It seems a week can’t go by without another article going viral by someone trying to dismantle the “benefits of breastfeeding” (or really the risk associated with formula use, as the biological norm is breastfeeding). One could almost think that this justification for formula use is being peddled by the formula companies themselves, but alas, it seems to be women fighting to see their use of formula as equal to breastfeeding. The biggest issues in the research according to these many articles?
- That the effects for breastfeeding, when present, are small and thus overstated; and
- That there is that nasty confound with socio-economic status (SES) in that higher SES women are more likely to breastfeed, less likely to face various diseases, and have higher IQ.
You can read about these in almost any mainstream article that attempts to justify the way in which formula is now the socially “normal” way to feed a child. I’m not going to say these problems aren’t real – they are – but rather that they also ignore one of the bigger problems in breastfeeding research. What is this research problem? Put quite simply, it’s the way in which groups are formed when we’re making comparisons about breastfeeding outcomes.
I’m not surprised no one talks about this because it’s actually a problem in that it results in the underestimation of the effect of breastfeeding. That’s right: This problem actually means that our “small” results may really be much larger and some null results may be type II error (i.e. failing to detect an actual difference where one is present) in that we have erroneously failed to reject the null hypothesis because our groups are made in such a way as to bias our results towards a failure to find any significant differences.
How Grouping Works
When you design a study where you want to compare various groups, you have to have pretty strict rules for who belongs in which group. This is great in terms of trying to make claims if your groups are well-defined and theoretically distinct, but with something like breastfeeding, it’s nearly impossible to get the kinds of groups you want. For example, the most common type of comparisons are any breastfeeding for a certain duration versus no breastfeeding or less than for a certain duration, like any breastfeeding at 3 months versus no breastfeeding at 3 months.
Why would this be problematic, you ask? First you have to think about how much breastfeeding is going on. Is it exclusive? Is it 70% of the time? In these groups you will have the mom that exclusively breastfed for 2 ½ months but stopped when going back to work because pumping didn’t work in the non-breastfeeding group and the mom who breastfed no more than 20% of the time and stopped altogether at 4 months in the breastfeeding group, yet which one do you think would have a bigger impact on their child’s health? This gets to be even more complicated the longer the duration is (e.g., when analyses are done at six months).

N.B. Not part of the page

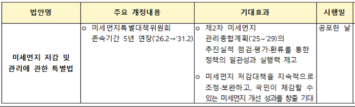 국무총리와 민간위원장을 공동위원장으로 하는 미세먼지특별대책위원회(공동위원장(국무총리‧민간위원장) 포함 40인 이내, (기능) 미세먼지 대책 관련 사항 심의 )는 현행법 상 2026년 2월까지 한시적으로 운영 예정이었으나,‘제2차 미세먼지 종합계획(‘25∼‘29)’에 대한 심의 일정 등을 고려하여, 2031년 2월까지 위원회의 존속기한을 5년 연장토록 했다.
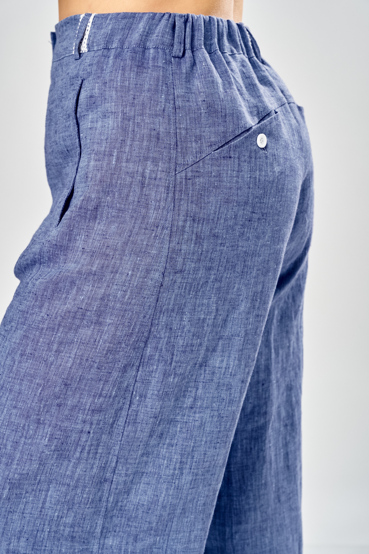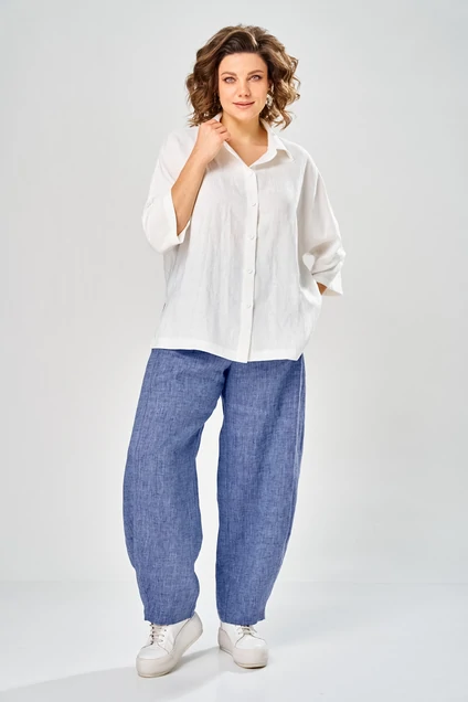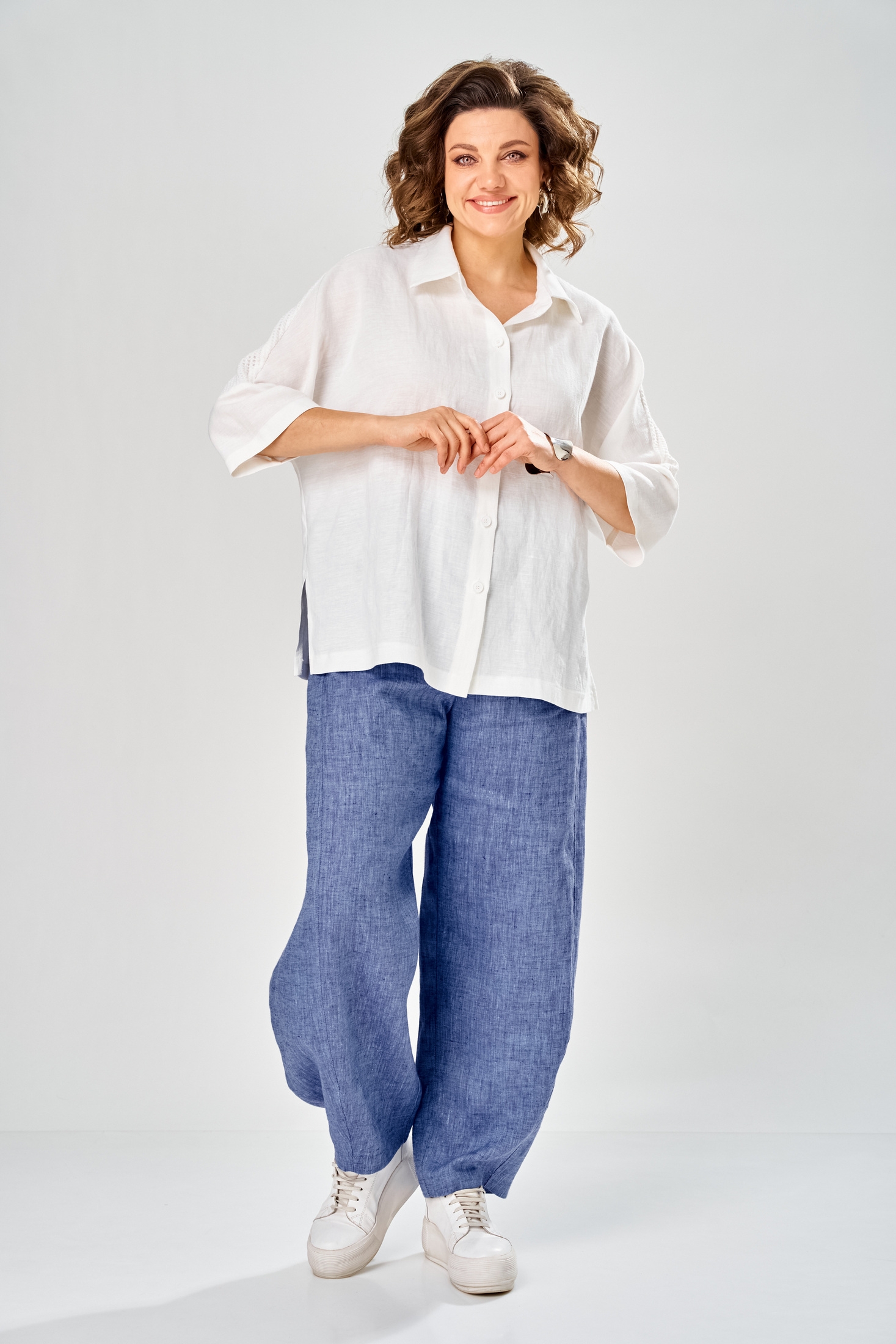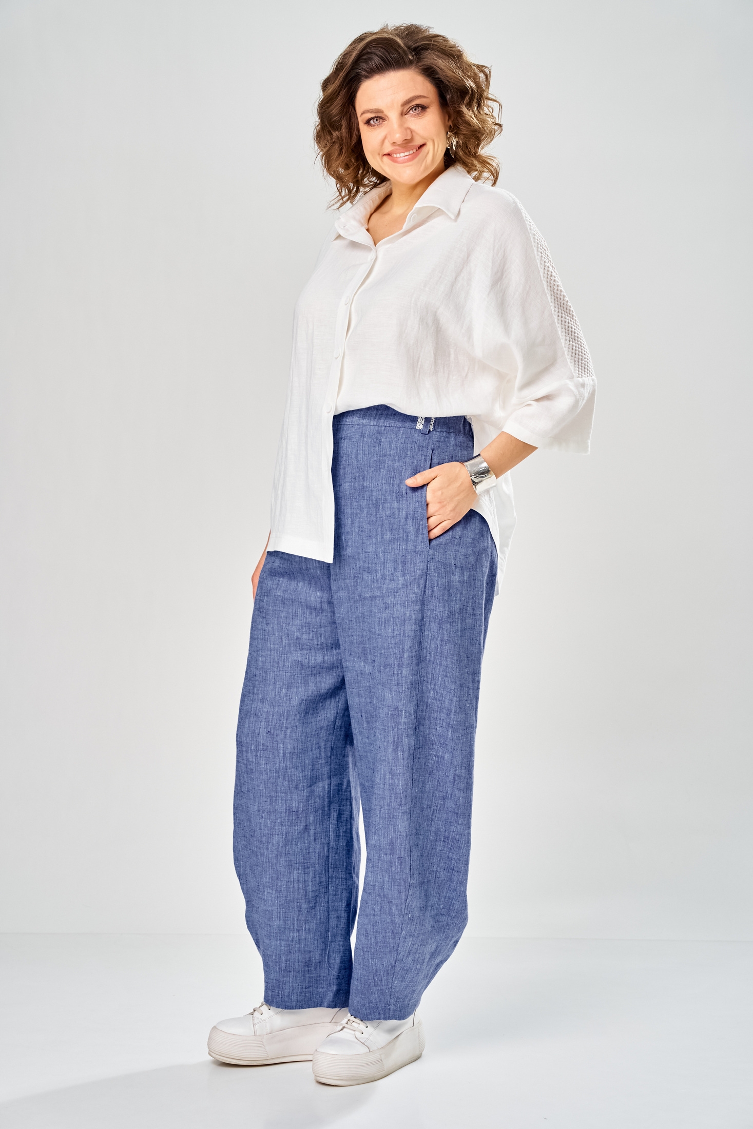 Костюм брючный 2157 синий Diamant — идеальный выбор для стильного повседневного образа. Коллекция бренда Diamant представляет комплект, состоящий из рубашки и брюк, выполненных из натурального льна и вискозы, что обеспечивает легкость и комфорт в ношении. Рубашка декорирована спущенными плечами и застежкой на пуговицы, придающей акцент на стиль и практичность. Короткие одношовные рукава и стояче-отложной воротник дополнены декоративной отделочной строчкой. Брюки с расширенными к низу штанинами и эластичным поясом обеспечивают свободу движений. Карманы на молнии добавляют функциональности. Длина по спинке составляет 74 см, длина брюк — 107 см, что идеально подходит для весенне-летнего сезона. Синий цвет костюма добавляет яркость и свежесть в ваш гардероб.

When you get into exclusive breastfeeding, which should be simpler on the surface, you also run into problems as you now have the mom who struggled and may have given only one bottle (or only for one week while working with a lactation consultant) no longer eligible for the exclusive breastfeeding group despite the fact that her child is going to be far more like the exclusive breastfeeding child than the child who has formula 90% of the time. Or what of the child who has solids introduced at 5 months? Is the effect assumed to be the same as that of the child who has been receiving 50% formula all along? (Hint: nope.)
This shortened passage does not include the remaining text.